▶ _PROVIDED DATA_
[Start of section]

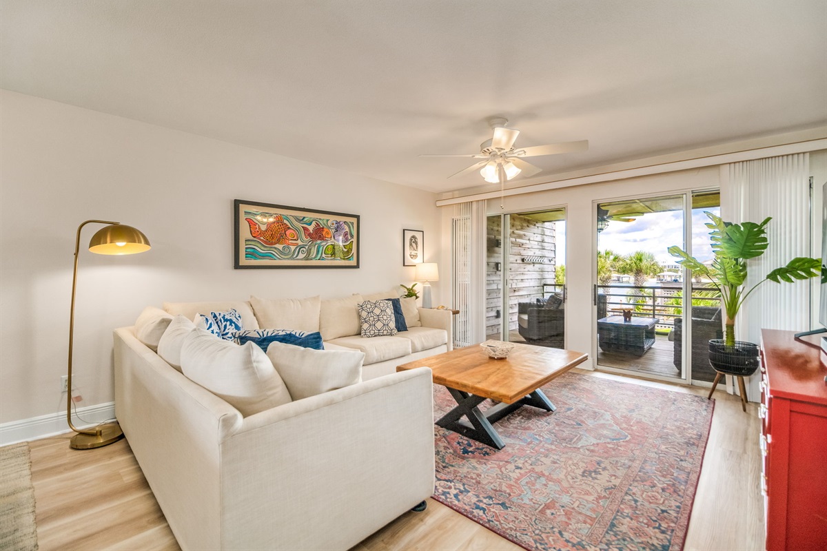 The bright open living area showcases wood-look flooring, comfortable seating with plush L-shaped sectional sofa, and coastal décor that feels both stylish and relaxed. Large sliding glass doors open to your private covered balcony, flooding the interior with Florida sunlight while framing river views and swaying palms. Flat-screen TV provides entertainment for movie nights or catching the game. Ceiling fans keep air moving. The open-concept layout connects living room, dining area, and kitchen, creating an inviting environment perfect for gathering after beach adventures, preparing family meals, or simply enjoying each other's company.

[End of section]
[Start of section]

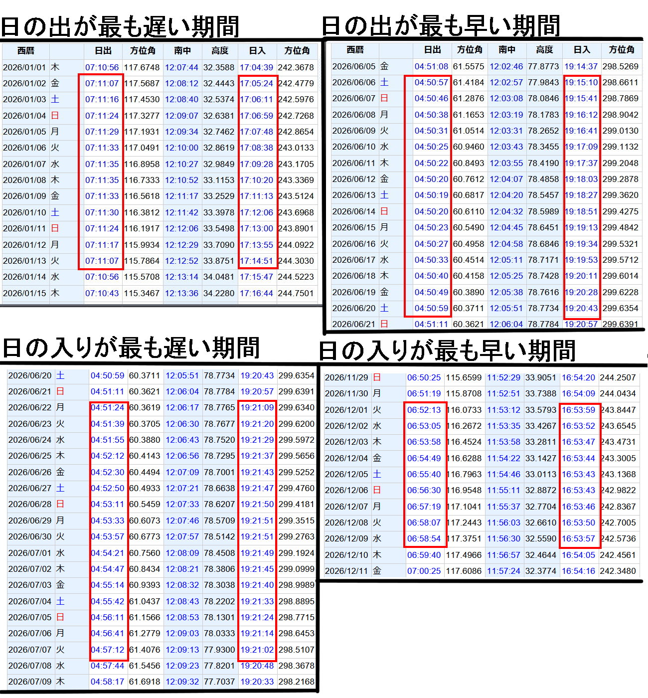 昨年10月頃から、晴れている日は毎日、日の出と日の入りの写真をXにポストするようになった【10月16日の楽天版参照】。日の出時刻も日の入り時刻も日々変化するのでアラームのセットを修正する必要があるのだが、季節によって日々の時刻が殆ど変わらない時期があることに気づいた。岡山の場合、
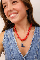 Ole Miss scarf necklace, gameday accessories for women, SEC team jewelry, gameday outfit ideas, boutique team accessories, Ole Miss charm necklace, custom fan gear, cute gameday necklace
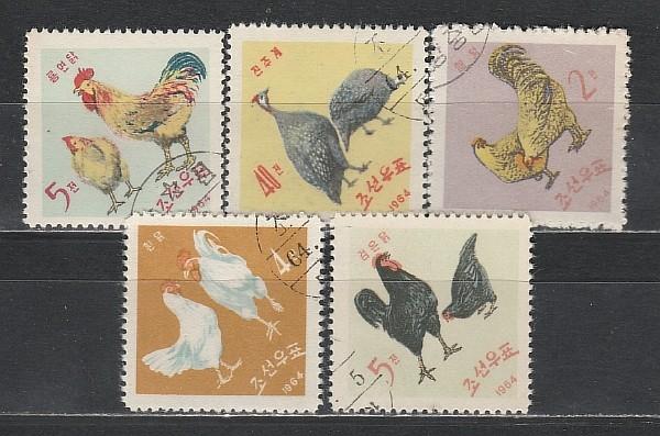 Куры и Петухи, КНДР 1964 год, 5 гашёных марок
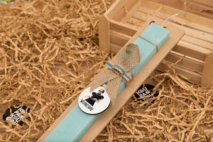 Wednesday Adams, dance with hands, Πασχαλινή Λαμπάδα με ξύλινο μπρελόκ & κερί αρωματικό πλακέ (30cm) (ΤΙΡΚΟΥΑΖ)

[End of section]
[Start of section]

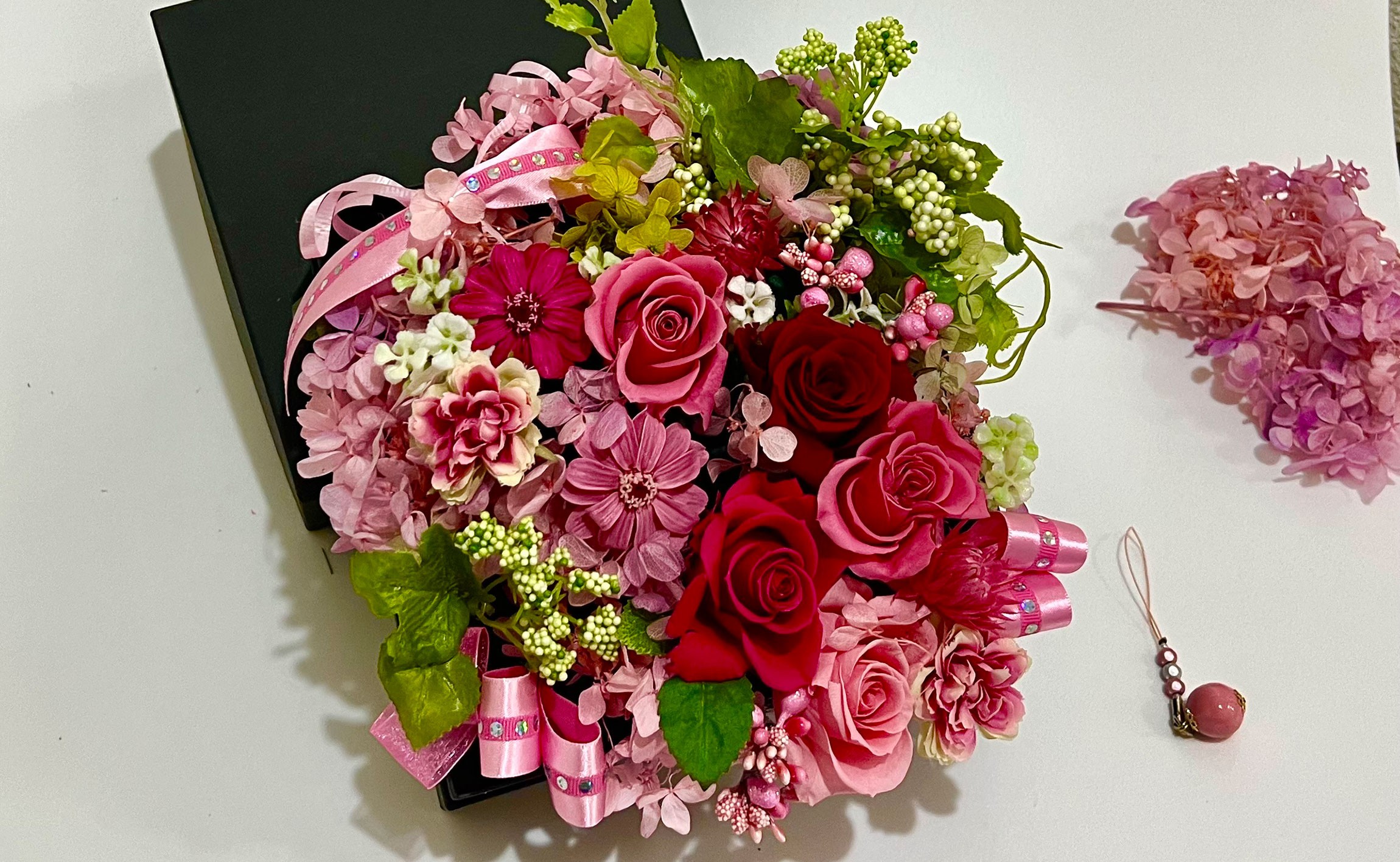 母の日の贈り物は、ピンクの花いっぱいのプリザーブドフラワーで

[End of section]

▶ _WHAT YOU WILL DO_
Within the data above, repeat exactly the lines from the one bearing "Куры и Петухи, КНДР" through the one bearing "Wednesday Adams, dance". Include no pictures and nothing else.

▶ _TASK RESPONSE_
 Куры и Петухи, КНДР 1964 год, 5 гашёных марок
 Wednesday Adams, dance with hands, Πασχαλινή Λαμπάδα με ξύλινο μπρελόκ & κερί αρωματικό πλακέ (30cm) (ΤΙΡΚΟΥΑΖ)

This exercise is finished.